» **Collected data**:
/---
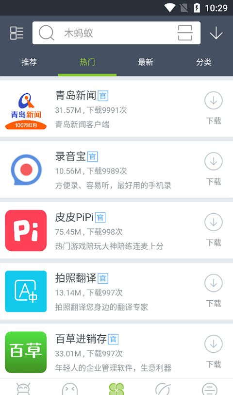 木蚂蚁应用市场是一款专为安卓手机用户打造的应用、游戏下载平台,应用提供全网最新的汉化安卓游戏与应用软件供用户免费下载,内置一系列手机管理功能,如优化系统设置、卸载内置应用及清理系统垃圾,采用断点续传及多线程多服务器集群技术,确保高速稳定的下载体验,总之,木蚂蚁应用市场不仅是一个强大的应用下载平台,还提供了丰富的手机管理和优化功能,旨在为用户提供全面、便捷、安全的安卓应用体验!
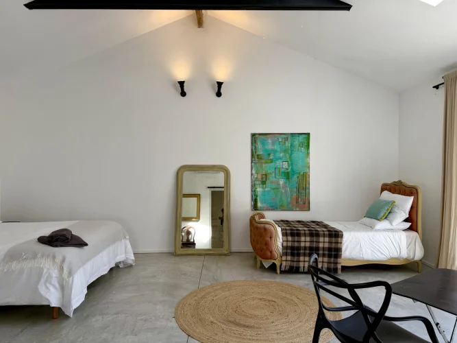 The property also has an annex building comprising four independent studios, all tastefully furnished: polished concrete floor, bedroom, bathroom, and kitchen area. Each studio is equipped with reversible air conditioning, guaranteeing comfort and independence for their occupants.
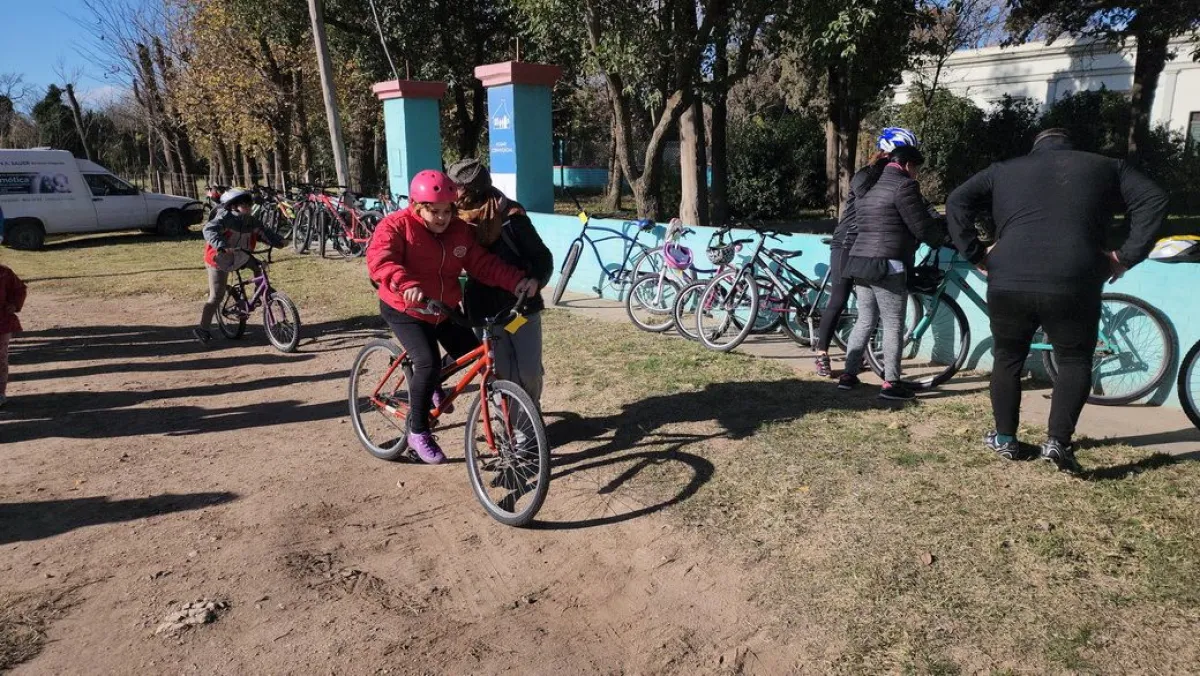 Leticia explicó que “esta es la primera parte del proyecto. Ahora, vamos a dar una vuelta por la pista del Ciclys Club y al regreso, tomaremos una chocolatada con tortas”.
\---
» **Work item**: Repeat only the lines from the one holding "The property also" through the last line of the data, inclusive. Keep the pictures out.

» **Written reply**:
 The property also has an annex building comprising four independent studios, all tastefully furnished: polished concrete floor, bedroom, bathroom, and kitchen area. Each studio is equipped with reversible air conditioning, guaranteeing comfort and independence for their occupants.
 Leticia explicó que “esta es la primera parte del proyecto. Ahora, vamos a dar una vuelta por la pista del Ciclys Club y al regreso, tomaremos una chocolatada con tortas”.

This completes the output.